I am also excited to pick up my trio of black Silvers. With all the drama going on in the Tan club now (it's really getting out of hand!) I need something else to distract my attention for a bit. At this point, I'm thinking of washing my hands completely of it even though the Tans are my very very favorite.


----------



## woahlookitsme (Jul 21, 2012)

fuzz16 wrote:


> Where in ks is it?



Wichita, Kansas October 27-31 Here is their website
http://www.heartland2012.com/

I bred union and yankess full sister back to their blue daddy Seawolf (everything in his pedigree is black). Hopefully Ill get some more nice blues out of that and with no white toenails *crosses fingers*

I totally understand. There are many politics in the Tan club but I have heard it has always been that way. I dont know who to vote for president as they are total opposites but time will tell and I need to do my research. I stay out of the gossip and just enjoy the breed. I cant go to many of their breed shows anyways because they are always too far away but I wont let that stop me from raising buns that catch their attention when I do show with them 

Congrats on your new breed though! Silvers are gorgeous buns!


----------



## bunnychild (Jul 21, 2012)

I am so excited for the convention this year because it will be my first time at one and it is close enough to my town. I go to Wichata alot any ways.

I will be taking my jersey woolies. Maybe some himmis but I hav to see how they do at county and state fair.


----------



## majorv (Jul 21, 2012)

I plan to take some Polish to show. I have 3 blacks, 1 broken, 3 blues and 1 REW - all juniors. I probably won't take any seniors...at least I don't think I will.


----------



## woahlookitsme (Jul 21, 2012)

LOL I wouldnt be surprised if you toted pibb up there


----------



## majorv (Jul 21, 2012)

*woahlookitsme wrote: *


> LOL I wouldnt be surprised if you toted pibb up there


You read my mind, lol!


----------



## wendymac (Jul 22, 2012)

I'm not going, but a friend is going and said he'd take some of my rabbits if I wanted him to. Not sure if anything I have is good enough, but I plan to look for a French Lop buck...and then he can bring it home for me. 
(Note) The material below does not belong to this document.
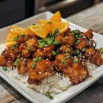 Now it’s time to serve! Spoon the sticky orange chicken over a bed of fluffy rice. Don’t forget to garnish with chopped green onions and a sprinkle of sesame seeds. This adds a lovely crunch and makes the dish look extra special. Enjoy every bite!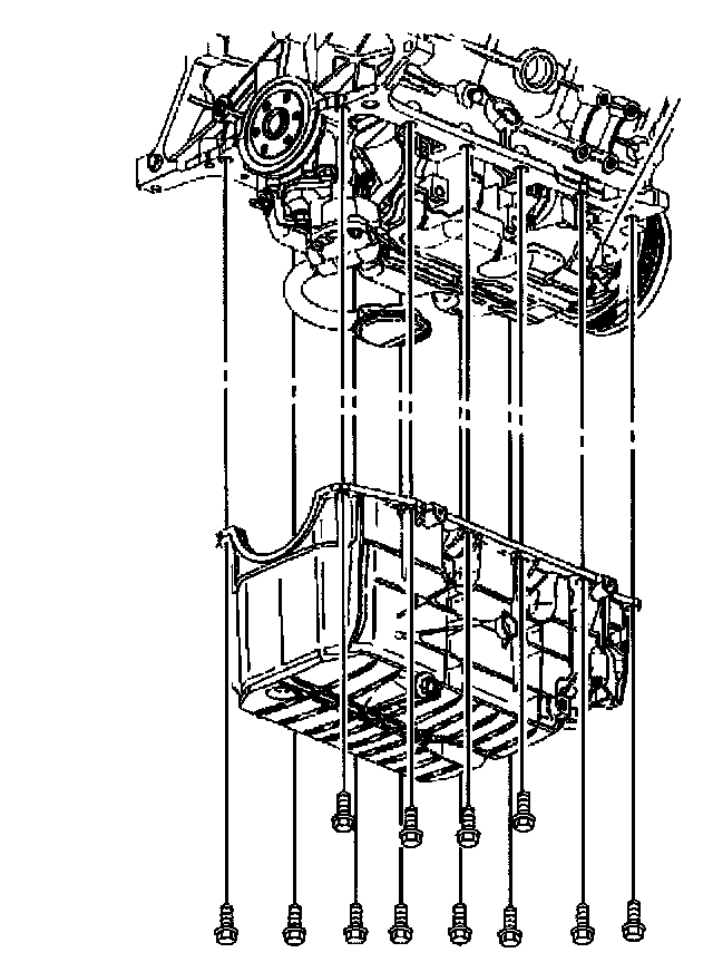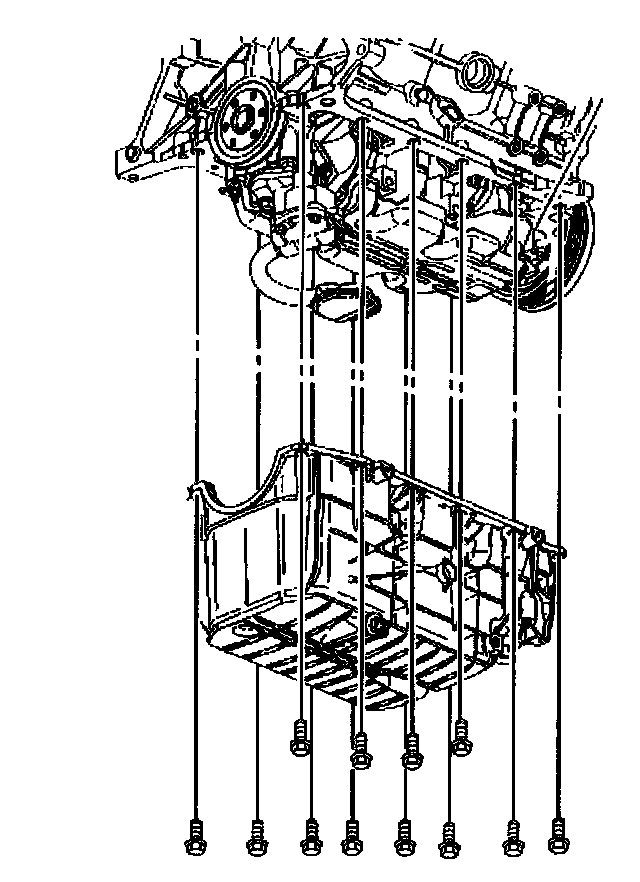 Install the oil pan retaining bolts. Refer to Oil Pan Installation.

But I'll definitely be there next year...it'll be only an hour from me. Woooooohooooo!!! Everyone is super excited that it's finally coming back to PA. But it sure is going to suck for those on the west coast.


----------



## majorv (Jul 22, 2012)

I'm afraid we probably won't do 2013. We went to San Diego and Indiana. Kansas is too close for us to miss, but PA is too far...but you never know!


----------



## woahlookitsme (Jul 22, 2012)

I dont know about PA either. Hopefully ill be in vet school by then and i wouldnt be able to go


----------



## DharmaBuns (Jul 22, 2012)

*wendymac wrote: *


> But I'll definitely be there next year...it'll be only an hour from me.


Woo! Everyone is bunking at your house! Save a room for me! lol


----------



## wendymac (Jul 23, 2012)

LOL! You can bunk here, but I'm planning on getting a motel room down there. I HATE that long-assed boring drive to the Farm Show Complex. I wish I could go to Kansas, but it just isn't going to happen. Plus my buns aren't nearly good enough to show there...I just wanted to go watch...and shop. haha


----------



## woahlookitsme (Oct 15, 2012)

YAY! Only 12 more days until we pack up for Kansas! I am totally excited!! Already have some babies spoken for and 10 of my tans are entered  

Also very excited to attend RabbitCon 2012 to attend presentations covering many topics such as breeding, health, and improving your herd. 

Kansas or Bust


----------



## ldoerr (Oct 15, 2012)

I was a breeder for 4 years and I was never able to go. It was always too far away. My mom does not like to go more than 1.5-2 hrs for a show so we only ever went to 2-3 shows a year. (Sucks I know). I did not have good enough rabbits until my Senior year in HS either. I have always wanted to go, it has just not been an option for me


----------



## woahlookitsme (Oct 15, 2012)

Thats how we were but luckily the lady who got me started in rabbits splits costs and even drives a van for transporting bunnies. She has been to every convention since she started showing rabbits 30 some odd years ago which is awesome. Our first one was San Diego California in 09


----------



## littl3red (Oct 15, 2012)

Wow, that sounds like a lot of fun. Maybe I'll convince Boyfriend to take me.  (Not that I have any showable rabbits, but it'd be a learning experience. Plus, I could finally meet some rabbit people outside of the internet! :biggrin


----------



## littl3red (Oct 15, 2012)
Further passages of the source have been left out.